Thursday, April 10, 2014

More than Cars

It was a couple of weeks ago; I was on my way to work, driving north on North Highland and then on Johnson Road towards Briarcliff.  I had slowed to a near stop at the traffic light at East Rock Springs because a car ahead of me was making a right turn.  Behind me, a car honked.  Was someone honking at me for stopping for (as opposed to hitting) a car ahead of me that was turning?  That seemed unlikely although I supposed not impossible.

I continued on Johnson Road, driving right at the posted speed limit (30 miles per hour), and a car following very close behind me was flashing its headlights.  At the intersection at Briarcliff, Johnson Road becomes two lane.  I was in the right hand lane, waiting for the light to change, and the car that had been behind me pulled along side me and the driver gestured and honked before pulling forward in the other lane.  Apparently I had completely ruined this man's day by slowing him down to the speed limit for a few minutes.

But drivers take their cues from the road more than from the signs about how fast is too fast to drive, and that stretch of Johnson Road is wide and gently curving.  It feels like you could comfortably drive 45 or 50 miles per hour or faster on that stretch of road, and some people do.  They shouldn't do it, but part of the reason they do is that some of the streets -- especially streets like Johnson Road or even Wessyngton Road  -- are so wide they feel like they were designed for speed.  So many drivers drive fast, regardless of what the posted speed limit says.

There's a wonderful video online about a redesign of a major intersection in a town in England.  The town was cut into quarters through its center by two main roads.  As a consequence the town's business district was an unpleasant place to be and pedestrians felt unsafe and tended to avoid the area.  Someone came up with a shared space design that removed the traffic signal and directed the traffic into something that looked kind of like a figure eight but with pedestrians walking through it.  Some in the town predicted that traffic gridlock and chaos would result.  It didn't.  The design signaled to drivers that they needed to drive slowly, and they did, and because the cars weren't going fast the pedestrians were no longer terrified and the center of the town became livelier and a much more pleasant commercial area.  And the traffic did get through.

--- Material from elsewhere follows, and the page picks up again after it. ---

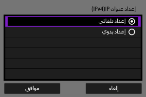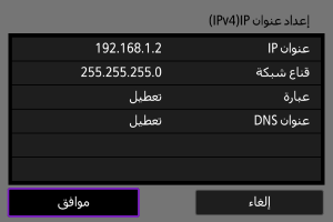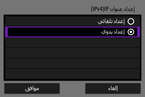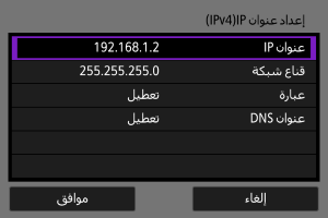 قم بضبط إعدادات عنوان IP يدويًا. لاحظ أن العناصر المعروضة تختلف حسب وظيفة الاتصال.

I've been thinking about this recently because on one of the neighborhood email lists there has been enormous backlash against the city's plan to add bicycle lanes at the expense of traffic lanes on some city streets.  How dare the city reduce space for cars to make way for bikes!  No one rides bikes, no one ever will ride bikes, and drivers have an inalienable right to drive wherever they want as rapidly as possible regardless of the impact on anyone else.  The only place the drivers thought bicycles possibly belonged was on the sidewalks, where presumably they would only inconvenience the pedestrians.

Last week I was in Geneva, where it's possible to get everywhere I needed to be by riding a city bus.  Every morning I would walk a few blocks to the area near the train station, where cars, bicycles, motorcycles, buses, trams, and pedestrians all use the streets.  There I would catch the bus to my meeting and then in the evening I'd get off the bus there and walk back to my hotel.  I tried several times to take pictures there but none of them captured the sense of the place all that well.  But here's the point -- when the design of the place requires cars to slow down, they do.  And there's room for the people on bicycles and on foot.





It's possible to design a city so that it's for everyone, not just for people who drive cars.  And when that's been done in other cities, it has made those cities better, livelier, healthier, and more prosperous and more pleasant places.

Atlanta's different, I've heard people say.  No one here rides a bike, no one ever will.  We don't have public transit here and we never will, we're too spread out.  Atlanta is all about cars.  Space for cars is all that matters.  To hell with kids too young to drive, people who can't afford cars, and people who are too old to drive -- they don't matter.  All that matters is cars.

But I don't think this is true.  Atlanta can do better than this, and if we do, the city will be a better place to live, work, and do business.